Your instructions: Output the whole listing below exactly, omitting the images.

Dataset section:
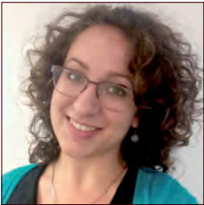
RUSSIE / RUSSIA

Dans le contexte des politiques publiques mises en place par les gouvernements, nationaux ou locaux, pour limiter les impacts environnementaux et de santé publique du transport et réduire la congestion dans les villes, les restrictions à l'accès et à la circulation automobile dans les zones urbaines deviennent un des moteurs dominants d'évolution des marchés.
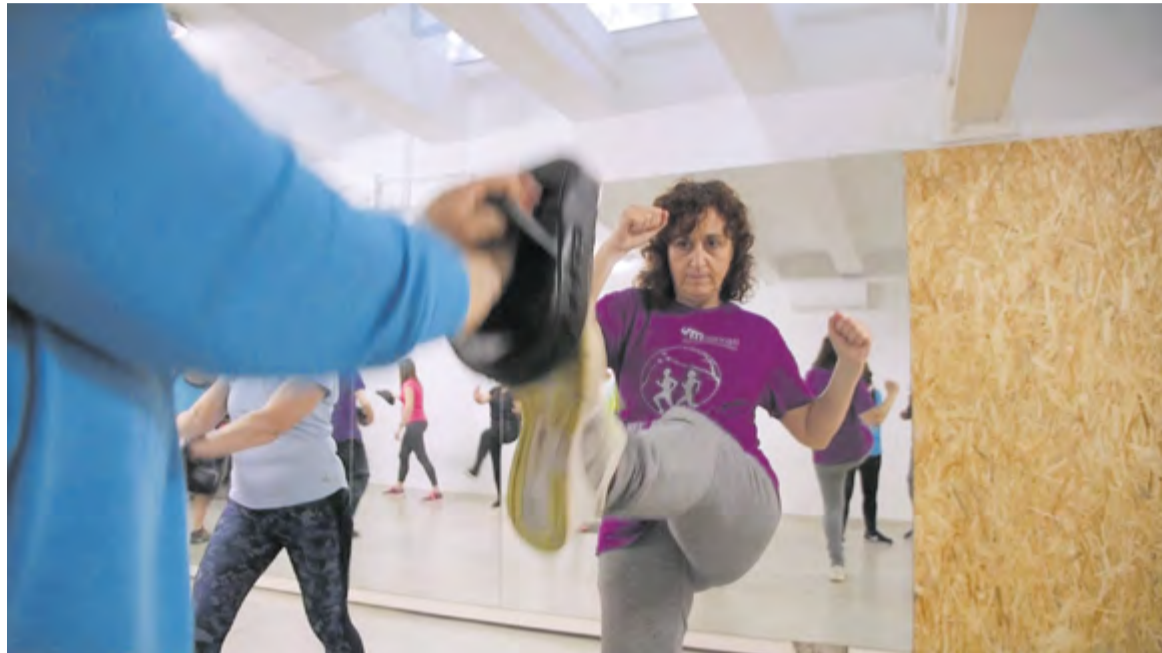
En el taller es fan servir diferents materials, com les manyoples de boxa, que es combinen amb diferents moviments.

Response box:
RUSSIE / RUSSIA

Dans le contexte des politiques publiques mises en place par les gouvernements, nationaux ou locaux, pour limiter les impacts environnementaux et de santé publique du transport et réduire la congestion dans les villes, les restrictions à l'accès et à la circulation automobile dans les zones urbaines deviennent un des moteurs dominants d'évolution des marchés.
En el taller es fan servir diferents materials, com les manyoples de boxa, que es combinen amb diferents moviments.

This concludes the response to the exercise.